New script: update-python3-docs

Contents

update-python3-docs

Python of late has become the language of choice for system administration tasks, edging out Perl which is now consisdered passé. Figuring it would be a good idea to pick up some Python skills, I first decided to get a dump of the available on-system documentation. I much prefer having documentation like this in a local collection of text files, because I can use my jgrep utility to rapidly search them for keywords.

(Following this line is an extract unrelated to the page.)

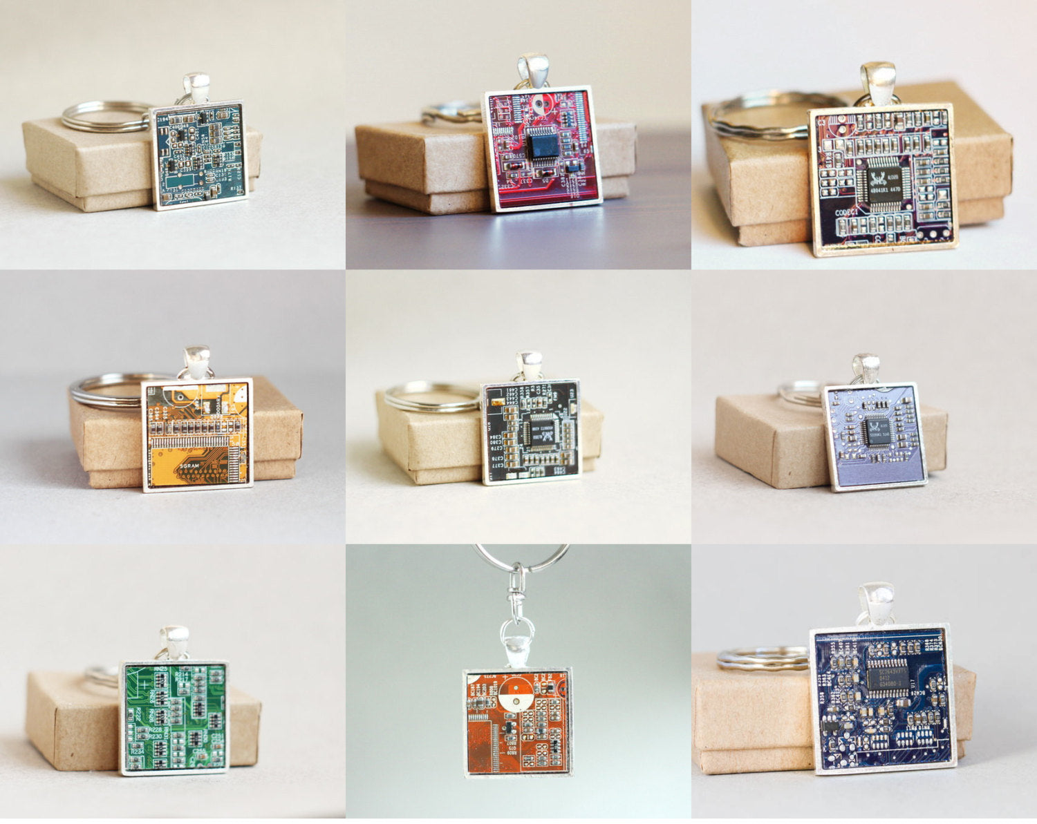 Circuit board keychain is made of a square piece of real circuit board and is covered with resin, so the surface is as shiny as glass. The circuit board piece is 1"...

Because the Python modules are included in the collection, and I expect I’ll be adding Python modules to my system over time, I wrote a script that can find new and updated files and store them while keeping old files in place.

 1
 2
 3
 4
 5
 6
 7
 8
 9
10
11
12
13
14
15
16
17
18
19
20
21
22
23
24
25
26
27
28
29
30
31
32
33
34
35
36
37
38
39
40
41
42
43
44
45
46
47
48
49
50
51
52
53
54
55
56
57
58
59
#!/bin/bash
if [ ! -r /etc/shadow ]; then echo "Sorry, must run as root"; exit 1; fi

function check_for_update {
    local PAGE=$1
    if [ -f $PAGE.text ]
    then
      SIZE_CURR=$(stat -c %s $PAGE.text)
      SIZE_NEW=$(stat -c %s $PAGE.new.text)
      if [ $SIZE_NEW != $SIZE_CURR ]
      then
        mv -f $PAGE.new.text $PAGE.text
        echo -n "*"
      else
        rm -f $PAGE.new.text
      fi
    else
      mv $PAGE.new.text $PAGE.text
      echo -n "+"
    fi
}

# First update the main Python man page
cd /home/open/pythondocs-3.4.3-local
echo -n " >> man page: python3"
export JMAN_VIEWER='save_to_file'
[ -f python3.text ] && mv python3.text python3.prev.text
jman python3 &>/dev/null
mv python3.1.text python3.new.text
[ -f python3.prev.text ] && mv python3.prev.text python3.text
check_for_update python3
echo

# Create a working 'pydoc' for Python 3
echo "#!/usr/bin/python3
import pydoc
if __name__ == '__main__':
    pydoc.cli()" >py3doc
chmod +x py3doc

# Update the pages for keywords, modules, and topics
# Note that 'py3doc antigravity' opens a web browser to display xkcd 353
for TOPIC in keywords topics modules
do
    echo -n " >> $TOPIC:"
    [ -d $TOPIC ] || mkdir $TOPIC
    cd $TOPIC
    ../py3doc $TOPIC | sed '1,3d; /^Enter any module name/,$d; s/[[:space:]]\+/\n/g' | 
      sort | while read PAGE
    do
      [ "$PAGE" ] || continue
      echo -n " $PAGE"
      ../py3doc $PAGE >$PAGE.new.text 2>/dev/null
      check_for_update $PAGE
    done
    echo
    cd ..
done
rm -f py3doc

Documentation from the Python’s web site

In addition to the above, I downloaded a complete set of documentation from the Python’s home web site, specifically for my older Python 3.4.3 version:

wget "https://docs.python.org/ftp/python/doc/3.4.3/python-3.4.3-docs-text.tar.bz2"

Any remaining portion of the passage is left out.